My basic applicable cost categories are costs of operation, as follows:

*Insurance, Income tax, Employer taxes, Fuel, Labor and Equipment Maintenance*
Materials such as deicers are bought by the ton as needed by job, not really a factor for an hourly cost to operate the business. i mention this more later.

These categories are directly related to the cost of operation on any given job and are required to complete the job legally. Other costs such as vehicle payments, equipment such as plows/spreaders etc, cell phones, computer, internet, gps tracking, etc are all INVESTMENTS in a business. Investments are costs yes. Costs of business as a whole, not costs of operation on a job. If I choose to have a cell phone, gps tracking, internet, computer etc. than that may greatly influence the profitability of my company.

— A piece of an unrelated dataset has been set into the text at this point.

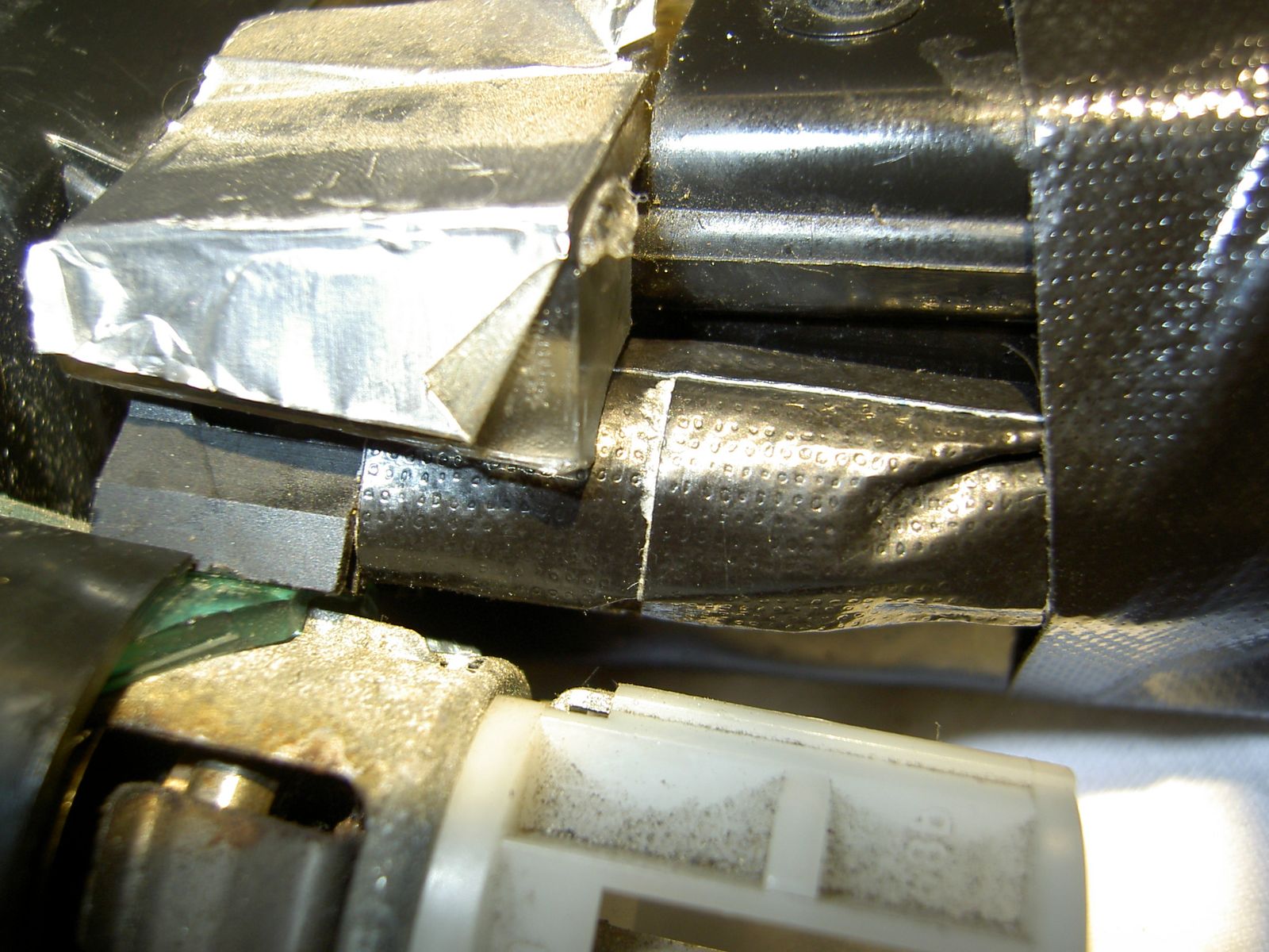 Lampe ins Lampen-Kopfteil eingeschoben, dabei die nun überflüssig gewordene Messing-Kontaktplatte entfernt - Kopf eingeschrumpft - Panzerband drum - feddich:

These are not costs that effect Mr. Jones' lot being cleared by the end of the day and he should not pay for it directly. Plows, spreaders and other equipment are an investment that I am making because it takes money to make money. Mr Jones is not purchasing my spreader, plow, etc nor is my equipment up for stockholders to buy shares of. These are investments I buy for myself to give me the ability to provide a SERVICE at a fee. In the end it is my responsibility to determine what level of profitability i need to make per job to replace my equipment down the road when it is worn out or pay for these other costs of business. Maintenance of equipment is billable in my opinion because you are losing wear and tear on your investment to the completion of getting Mr. Jones' lot done. Mr Jones compensates you for his lot wearing your equipment during service. Maintenance, however, is not replacement. Maintenance is regular service and replacement of parts that are normal wear and tear.

I am not including the following costs as part of the _basic_ cost of operation:

These include cell phone(s), Trucks/equipment themselves, plows/spreaders, computer, website fees, advertising fees, accounting fees, legal counsel fees, registration/inspection of equipment, cost of payroll processing, human resource management, bank loans, credit cards, etc.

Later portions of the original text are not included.